È, invece, il successivo art. 1615 Cod. Civ. a definire l’affitto, che si ha solamente:
«quando la locazione ha per oggetto il godimento di una cosa produttiva, mobile o immobile» ed in tale caso «l’affittuario deve curarne la gestione in conformità della destinazione economica della cosa e dell’interesse della produzione. A lui spettano i frutti e le altre utilità della cosa».
Pertanto, il termine affitto andrebbe utilizzato solamente quando la cosa locata sia produttiva di frutti, civili (es. denaro derivante da un canone) o naturali (es. ciliegie sbocciate da un albero).

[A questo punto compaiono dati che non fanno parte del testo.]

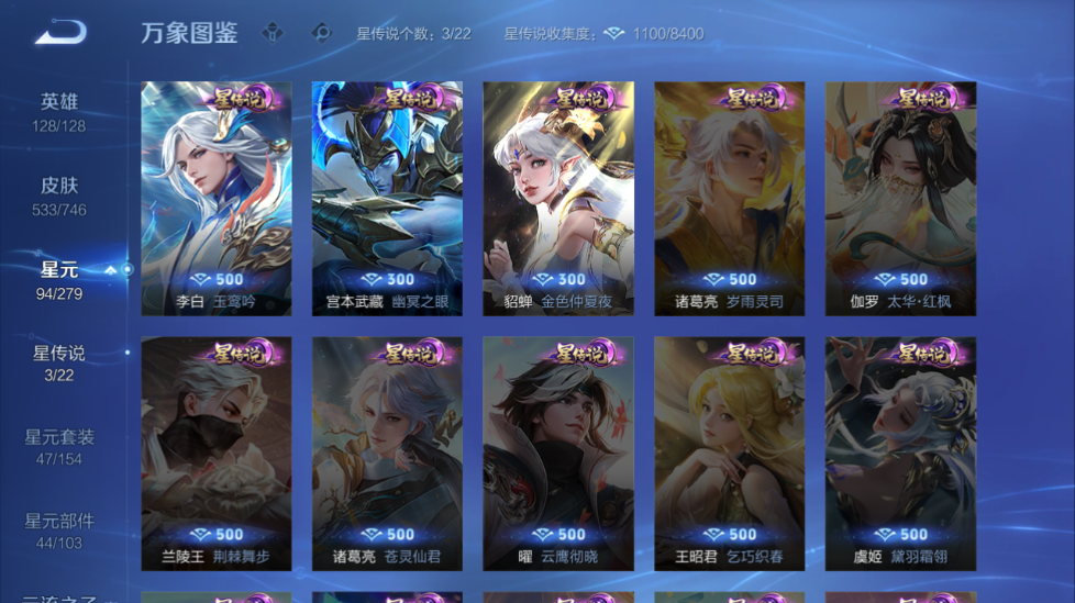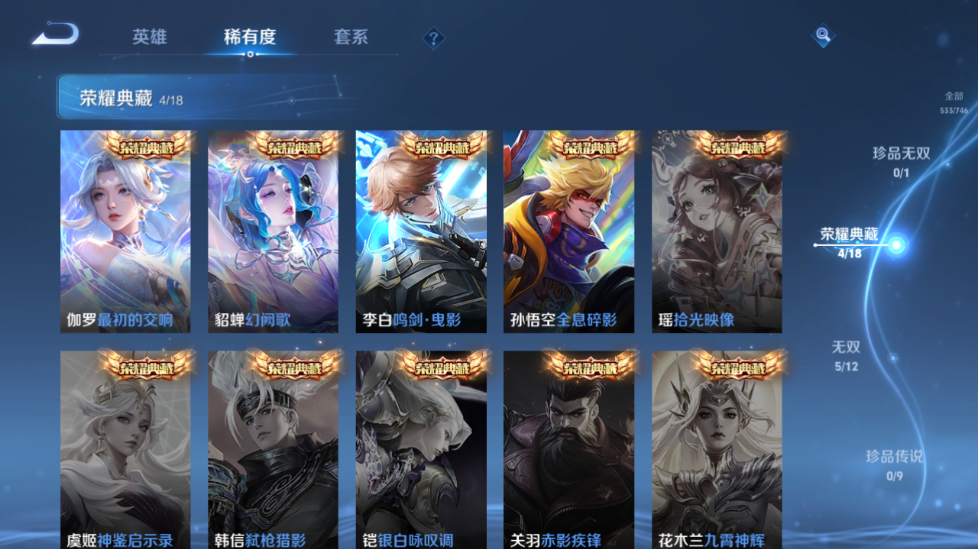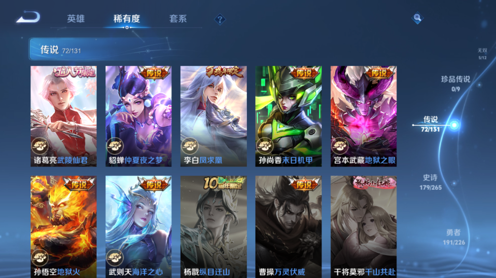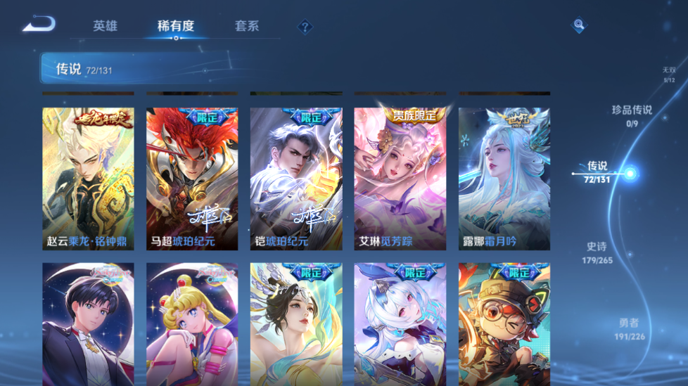 【王者荣耀】【lywz21079】珍品无双0 典藏4 无双5 珍品传说0 传说72 史诗179 英雄128 皮肤533 贵族10级 荣耀典藏:全息碎影|武则天|幻阙歌|鸣剑·曳影|最初的交响__无双皮肤:时之魔女|碎月剑心|真我赫兹|青丘·九尾|神罪__传说皮肤:鸣野蒿|深海之息|无尽星芒|无双飞将|启示之音|花朝如约|异界灵契|绛天战甲|炽阳神光|启明星使|胖达荣荣|地狱之眼|地狱火|海洋之心|仲夏夜之梦|云霓雀翎|久胜战神|黄金狮子座|黄金射手座|黄金白羊座|猫影幻舞|一念神魔|云鹰飞将|冠军飞将|李|游龙清影|乞巧织情|淬星耀世|鹤羽星尊|画中仙|记忆之芯|孙尚香-末日机甲|白虎志|大乔-时之奇旅|凤求凰|惊梅引|铠-琥珀纪元|兰陵王-默契交锋|鲁班七号-时之奇旅|马超-琥珀纪元|怒海麟威|祈雪灵祝|诗剑行|时雨天司|霜月吟|太华|妄想实况|武陵仙君|武圣|亚瑟-追逃游戏|夜礼服假面|寅虎·瑞焰|影龙天霄|永恒水手月亮|永曜之星|遇见神鼓|乘龙·淬吴钩|乘龙·铭钟鼎|乘龙·问璇玑|云缨-鹤归松栖|觅芳踪|寅虎·赤拳|至美·化雀舞|灼幽烈阳|张飞-百相守梦|幻光神呛|愿照·九州拓|愿照·众生和|愿照·福禄聚|愿照·千秋盛|云诺千山|神树通天__稀有限定:寅虎·御盾|寅虎·展翼|寅虎·心曲|至尊宝|梅西|青龙志|玄武志|朱雀志|虞姬-霸王别姬|大圣娶亲|一生所爱|引擎之心|飞衡|蔷薇恋人|蜜橘之夏|神威|青春决赛季|孙行者|猪悟能|女儿国国王|傲雪梅呛|李小龙|梁祝|时之彼端|狮舞东方|唐三藏|拒霜思|暗影游猎|白昼王子|百解令|百里守约-真我赫兹|百木心呛|冰锋战神|冰霜恋舞曲|嫦娥-如梦令|大漠名商|地狱燃心|电玩高手|繁星吟游|凤凰于飞|高山流水|古海寻踪|海滩派对|海盐诗旅|航海奇遇记|胡桃异想国|幻夜卜梦|皇家上将|辉光之辰|混沌棋|火炮绅士|剑破天穹|江河有灵|金庭之子|镜-真我赫兹|凯尔特女王|蓝屏警告|黎明之约|炼金王|美猴王|迷踪丽影|魔术师|花木兰-默契交锋|匿光破解者|匿光侦查者|女武神|奇幻香踪|千军破阵|擒涛扼浪|穷奇|驱傩正仪|燃音魔法|荣光圣徽|沙漠行僧|朔风刀|死亡摇滚|探海日志|饕餮|醍醐杖|天狼绘梦者|天狼溯光者|天狼运算者|天狼征服者|天穹祈灯|玩趣恶龙|阿古朵-顽趣|万华元夜|无心|五谷丰年|午后时光|纤云弄巧|项羽-霸王别姬|星界游侠|星空之诺|驯魔猎人|演武夺筹|妖精王|夜都怪侠|疑决卦|阴阳师|吟游魔法|银河之约|游园惊梦|驭风魔法|遇见飞天|御旌|御銮|御狮|原初追逐者|云端筑梦师|云间偶戏|真爱魔法|逐梦之光|逐梦之星|逐梦之影|暗夜贵公子|暗夜猫娘|暗隐猎兽者|暗渊魔法|白龙吟|白蛇|缤纷独角兽|冰冠公主|冰雪圆舞曲|苍穹之光|乘风破浪|乘龙·聚宝船|乘龙·忆丹青|大乔-猫狗日记|德古拉伯爵|地狱岩魂|电玩·爆裂旋风|电玩小子|浮梦罗烟|伽罗-琥珀纪元|功夫厨神|鬼剑武藏|黄金分割率|箭羽风息|节奏热浪|金属风暴|莱西奥-末日机甲|乐园奇幻夜|李元芳-蔬乡物语|龙鼓争鸣|龙骑士|吕布-末日机甲|玫瑰异探|魅力维加斯|魅语|梦奇-顽趣|女仆咖啡|偶像歌手|奇遇舞章|青蛇|热力回旋|赏金猎手|绅士熊喵|圣诞狂欢|圣诞恋歌|诗语江南|鲁班七号-蔬乡物语|水果甜心|水晶猎龙者|孙策-猫狗日记|滕王阁序|天才门将|天秀·幻梦|天秀·启明|天秀·音浪|完美假期|晚萤|赵云-未来纪元|闲日渔趣|星夜王子|雪上飞焰|雪夜绮愿|摇滚巨星|银翎春语|鹰眼统帅|永昼|幽灵船长|遇见神鹿|月团寄思|至美·乘鲤谣|周瑜-真爱至上|逐浪之夏|紫霞仙子|赵怀真-鹤归松栖|噬灭天穹|蔡文姬-夏日便利店|虞姬-夏日便利店|安琪拉-时之奇旅|修罗|曙光守护者|心灵战警|千年之狐|关羽-百相守梦|刘备-百相守梦|孙尚香-时之恋人|无限星赏官|舞动绿茵|特工魅影|心灵骇客|茶境仙|谧流熔炉|器灵·浮梦炉|狼魂孤将|化蝶舞|御霄|狰|烛龙|原初探秘者|重明|云中旅人|玲珑珍味|朔望之晖|钟馗-神迹守卫|流音漫舞|访茗客|暖冬·兔眠|灵卜魔法|夺宝奇兵|圣弓游侠|墨子-神迹守卫|死神来了|天堂福音|华尔街大亨|刘禅-鸭鸭历险记|沈梦溪-鸭鸭历险记|灵蛊蚀心|龙之律动|布丁狗之约|虚灵犬护|黄忠-百相守梦|涂山容容|光弋星穹|傩神司|往忆晖光|荣光之誓|巫礼祀神__优质皮肤:尼罗河女神|一千零一夜|创世神祝|年年有余|埃及法老|孤猎|木偶奇遇记|熊喵少女|午夜歌剧院|露花倒影|未来旅行|激情绿茵|海之征途|天启骑士|碧珀绯影|秩序猎龙将|锦衣卫|冰刃幻境|森|超能战警|英喵野望|维京掠夺者|海军大将|绯红之刃|踏雪寻梅|启蛰|战争骑士|伊势巫女|画中游|生化警戒|威尼斯狂欢|第七人偶|潮流仙人|芝加哥教父|街头旋风|绝影神呛|地府判官|荷鲁斯之眼|幸存者|赤焰之缨|福禄兄弟|隐刃|前尘|特种部队|三太子|精灵王|剑舞者|范海辛|星航指挥官|龙域领主|爱与和平|占星师|花间舞|魇语军师|极冰防御线|花见巫女|棒球奇才|东海龙王|蔷薇王座|灼热之刃|精准探案法|圣殿之光|帝国元帅|战争女神|霓裳曲|加勒比小姐|阿摩司公爵|异域舞娘|精灵公主|修竹墨客|万圣前夜|怪诞之夜|功夫炙烤|暖冬絮语|幻夜行动|聚星闪耀|潮玩探月行|虎啸剑宗|瓷语鉴心|秘密基地|次元突破|鲨炮海盗猫|野性能量|丁香结|奇妙博物学|虹云星官|科学大爆炸|守护之力|坚韧之力|幻乐之宴|功夫老勺|命运角斗场|幻想奇妙夜|海滩丽影|黑猫爱糖果|阿尔法小队|兔女郎|死亡骑士|黄金武士|少女阿狸|天使之翼|玩偶对对碰|宫本武藏-未来纪元|东方

Tuttavia, nella dinamica contrattuale comune, i due termini diventano facilmente assimilabili e le casistiche difficili da distinguere nettamente, anche se la quasi totalità dei contratti di locazione normalmente escludono la possibilità di sub-locare a terzi l’immobile, con ciò escludendo che normalmente – nel caso di locazioni abitative – il bene locato possa produrre quei frutti che sono caratteristici invece dell’affitto.